The primary replica is writeable, and the secondary replica is read-only. Writes to the primary replica are asynchronously replicated to the secondary replica. Within each region, the data is stored redundantly in two zones. Network traffic never leaves the Google Cloud network.

The following diagram shows the replication that occurs when a dataset is replicated:

The primary replica in the primary zone of region 1 is simultaneously replicated to the primary and secondary zones of region 2.

If the primary region is online, you can manually switch to the secondary replica. For more information, see Promote the secondary replica.

Pricing

You are billed for the following for replicated datasets:

  • Storage. Storage bytes in the secondary region are billed as a separate copy in the secondary region. See BigQuery storage pricing.
  • Data replication. For more information on how you are billed for data replication, see Data replication pricing.
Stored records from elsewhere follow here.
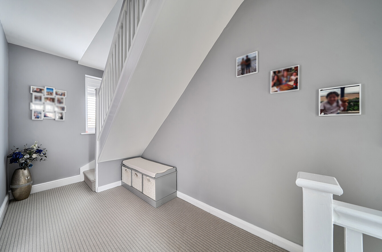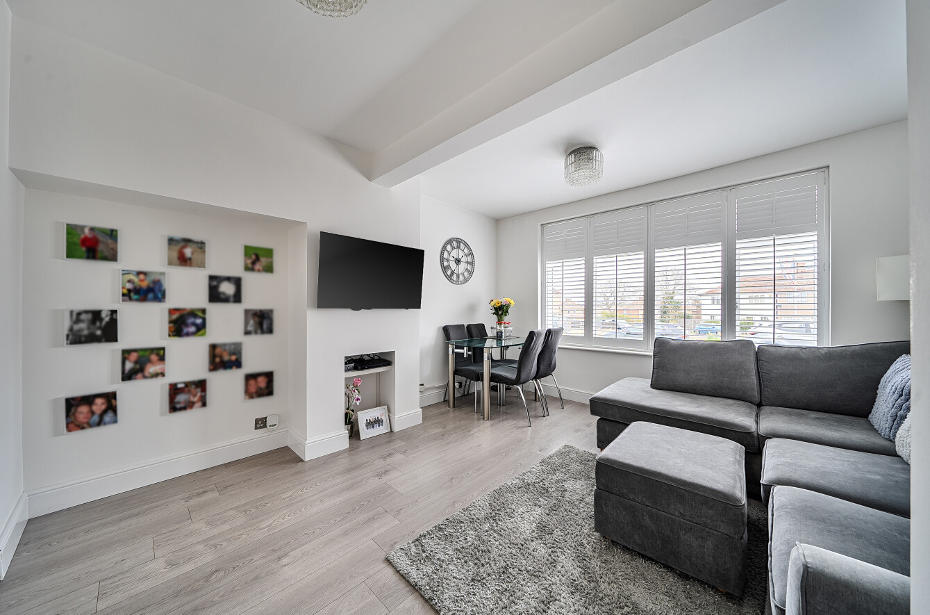 The frontage here provides off street parking on the driveway with access to the house via an enclosed porch. Once inside there is a good sized reception room of c. 181 sq ft with grey wood effect flooring. The large window with Plantation shutters allows for plenty of natural daylight - (please note the shutters and blinds at the property are to remain) and there is ample space for comfortable seating as well as a dining table and chairs.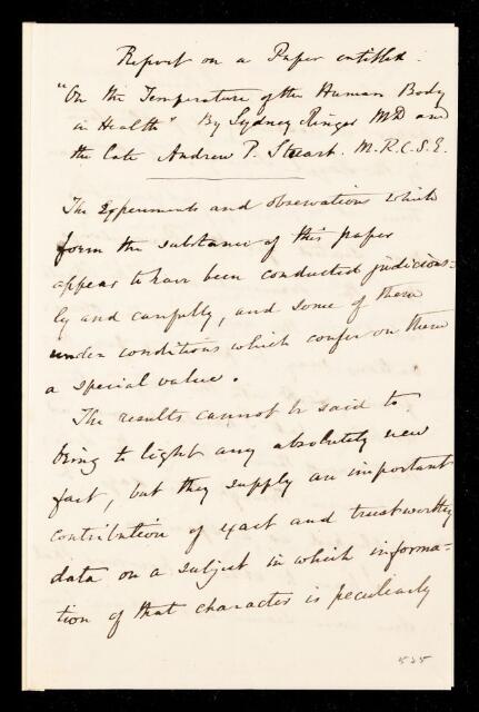 William Sharpey, Referee's report by William Sharpey, on a paper 'On the temperature of the human body in health' by Sydney Ringer and the late Andrew Patrick Stuart, 1869, RR/6/246, The Royal Society Archives, London, https://makingscience.royalsociety.org/items/rr_6_246/referees-report-by-william-sharpey-on-a-paper-on-the-temperature-of-the-human-body-in-health-by-sydney-ringer-and-the-late-andrew-patrick-stuart, accessed on 13 December 2025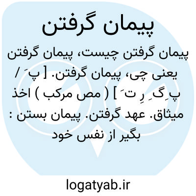 پیمان گرفتن. [ پ َ / پ ِگ ِ رِ ت َ ] ( مص مرکب ) اخذ میثاق. عهد گرفتن. پیمان بستن: بگیر از نفس خود پیمان به آن قسمی که فرستاده شده است بسوی تو. ( تاریخ بیهقی چ ادیب ص 313 ). یا واگذارم چیزی را از آنها که پیمان گرفته ام...ایمان نیاورده ام بقرآن بزرگ. ( تاریخ بیهقی ص 318 ).

Compute capacity in the secondary region

To run jobs and queries against the replica in the secondary region, you must purchase slots within the secondary region or run an on-demand query.

You can use the slots to perform read-only queries from the secondary replica. If you promote the secondary replica to be the primary, you can also use those slots to write to the replica.

You can purchase the same number of slots as you have in the primary region, or a different number of slots. If you purchase fewer slots, it might affect query performance.

Location considerations

Before adding a dataset replica, you need to create the initial dataset you want to replicate in BigQuery if it doesn't exist already. The location of the added replica is set to the location that you specify when adding the replica. The location of the added replica must be different from the location of the initial dataset. This means that the data in your dataset is continually replicated between the location the dataset was created in and the location of the replica. For replicas that require colocation, such as views, materialized views, or non-BigLake external tables, adding a replica in a location that is different from, or not compatible with, your source data's location could result in job errors.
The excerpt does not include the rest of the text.